Церковники, бояре, дворяне и дети боярские, кожей ощущая волны неприкрытой ненависти, с которой глядел на них простой люд, засуетились. Они принялись организовывать раздачу еды, вскрывая свои доверху набитые амбары, в которых хранили зерно, дожидаясь лучших цен. Главным было то, что все эти новоявленные столовые и пункты раздачи хлеба устраивались за Московским валом, как можно дальше от их роскошных подворий и церквей. Не объяви государь строжайшего запрета на убийство, — сами москвичи давно растерзали бы их ещё до прихода всех этих бесчисленных паломников.
Бояре, помимо вынужденной благотворительности, развили и другую, куда более привычную им бурную деятельность. С их подворий то и дело, вздымая тучи брызг, во все стороны отправлялись гонцы. Сами знатные вельможи, позабыв о спеси, скакали по окрестным деревням и сёлам, не жалея дорогих коней, загоняя их до смерти. Каждый род отчаянно тянул одеяло на себя — Шуйские, Бельские, Оболенские. Каждый спешил показать свою безграничную преданность государю, свою мнимую близость к нему, своё неоспоримое право быть рядом с малолетним Иваном. Всё изменилось в одночасье, и теперь любые его поручения, отданные перед уходом на молебен, выполнялись с невиданной, почти сверхъестественной скоростью и точностью.
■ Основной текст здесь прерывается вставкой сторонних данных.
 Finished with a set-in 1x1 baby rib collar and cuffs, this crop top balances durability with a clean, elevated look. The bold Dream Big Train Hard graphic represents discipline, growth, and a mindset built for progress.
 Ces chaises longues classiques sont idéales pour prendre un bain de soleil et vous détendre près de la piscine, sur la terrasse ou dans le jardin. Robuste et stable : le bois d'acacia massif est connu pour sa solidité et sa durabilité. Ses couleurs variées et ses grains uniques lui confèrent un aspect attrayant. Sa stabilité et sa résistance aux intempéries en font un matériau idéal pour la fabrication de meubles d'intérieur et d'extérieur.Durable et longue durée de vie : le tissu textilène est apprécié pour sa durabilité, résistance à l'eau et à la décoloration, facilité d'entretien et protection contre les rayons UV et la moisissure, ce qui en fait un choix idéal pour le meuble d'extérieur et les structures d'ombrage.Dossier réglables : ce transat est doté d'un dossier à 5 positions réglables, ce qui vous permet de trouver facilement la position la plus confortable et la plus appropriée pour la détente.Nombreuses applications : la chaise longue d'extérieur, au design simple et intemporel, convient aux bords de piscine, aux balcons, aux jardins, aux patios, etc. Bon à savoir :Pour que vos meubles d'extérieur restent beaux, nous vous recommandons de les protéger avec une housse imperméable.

Подвести итог затянувшейся и смертельно опасной дискуссии об иностранцах пришлось митрополиту Даниилу. Старый, многоопытный церковник, он прекрасно понимал, что ситуация балансирует на острие ножа, на грани катастрофы. Одно неверное слово, один неловкий жест — и Москва утонет в крови. Народ вырежет всех иноземцев до единого, а опосля, войдя во вкус, примется за бояр и за тех, кто их защищал. Да и Бог бы с ними, с боярами, но, покончив с одними землевладельцами, обезумевшая толпа может вспомнить и про других, церковных, не менее злобных угнетателей, а этого нельзя было допустить даже в мыслях. Нужно было срочно остановить эту лавину, пока она окончательно не сорвалась с гор и не смела всё на своём пути.
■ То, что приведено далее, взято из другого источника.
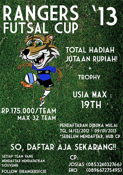 Rangers FC adalah sebuah klub futsal yg berasaskan kekeluargaan yang Latihan Rutin @babakanfutsal Jumat 17.00 - 18.00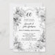 A white background. Decorated with florals and a faux silver ribbon and faux diamonds. Personalise and add your names and details.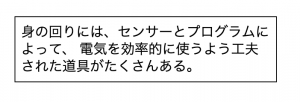 身の回りにある電気を効率的に使う道具について、プログラミングをしながら再現をしたり、それらを見直したりしようとする。(関心・意欲・態度)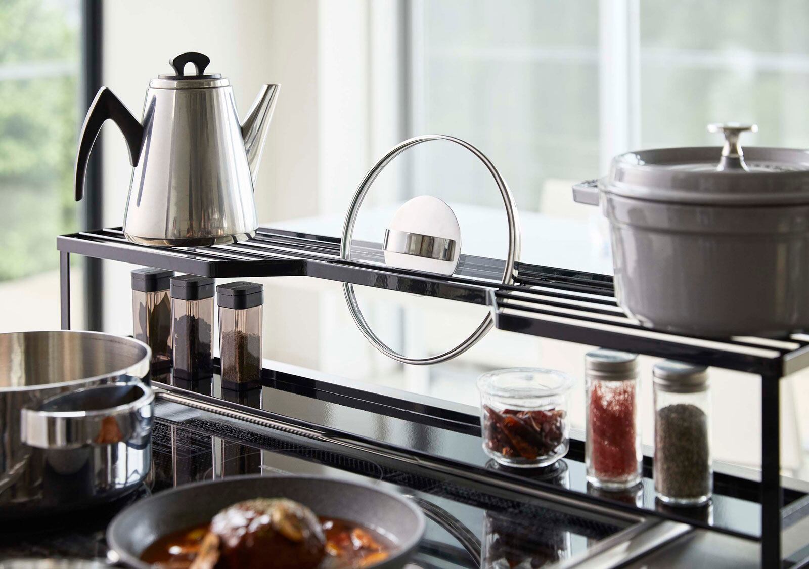 飛び散る油や調理汚れで大変な状況になる前に、TOWER コンロ奥ラック排気口カバー付き 60cmコンロ用を。排気口カバーにはスパイスボトルなどが収納でき、スペースを有効活用します。また、天板には鍋蓋を立てて収納できて、使い勝手いいコンロカバーです。

Он вышел на Соборную площадь в полном парадном облачении — в сияющей митре, в тяжёлом, шитом золотом саккосе, с панагией на груди и с резным посохом в руке. За ним, подобно небесному воинству, следовали епископы, архимандриты, игумены и сонм священников в сверкающих ризах. Народ, увидев своего пастыря, мгновенно притих, гомон смолк, и толпа почтительно расступилась, образуя живой коридор. Даниил медленно, тяжело ступая, поднялся на специально устроенный помост, окинул взглядом необъятное море голов — тысячи и тысячи лиц, напряжённых, ждущих, готовых вспыхнуть от любой искры.
Голос его прозвучал негромко, почти тихо для такого огромного пространства, но каждый звук был наполнен такой твёрдостью и решительностью, что в нём не было ни малейшей дрожи, ни тени сомнения. Каждое слово, отчеканенное и ясное, словно само летело над площадью, достигая самых дальних рядов.
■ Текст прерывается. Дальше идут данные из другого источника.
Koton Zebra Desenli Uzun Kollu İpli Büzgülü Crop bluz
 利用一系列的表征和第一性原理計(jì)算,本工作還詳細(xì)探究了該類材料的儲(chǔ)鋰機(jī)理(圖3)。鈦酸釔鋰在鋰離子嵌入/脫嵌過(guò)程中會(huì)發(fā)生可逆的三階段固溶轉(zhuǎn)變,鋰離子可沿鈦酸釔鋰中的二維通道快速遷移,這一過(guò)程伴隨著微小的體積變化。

— Не нам с вами судить о том, кто достоин жизни, а кто — смерти. Государь наш, помазанник Божий, молитву ныне возносит за всех нас, за всякого из вас. Молит он о спасении мира, о прощении грехов наших, вольных и невольных. Он один узрел волю Божью, он знамение свыше получил, ему единому явлено то, что сокрыто от наших грешных очес. Когда же завершит он молитву свою, когда ответ от Господа примет — тогда и возвестит нам, что делать и как поступать. А до той поры, до того самого часа — не смейте руки поднимать ни на кого, не смейте кровь проливать, будь она правой или виновной! Кто же ослушается, кто преступит запрет сей — тот пойдёт противу государя нашего, противу Бога милосердного, противу всех нас и противу самого мира христианского!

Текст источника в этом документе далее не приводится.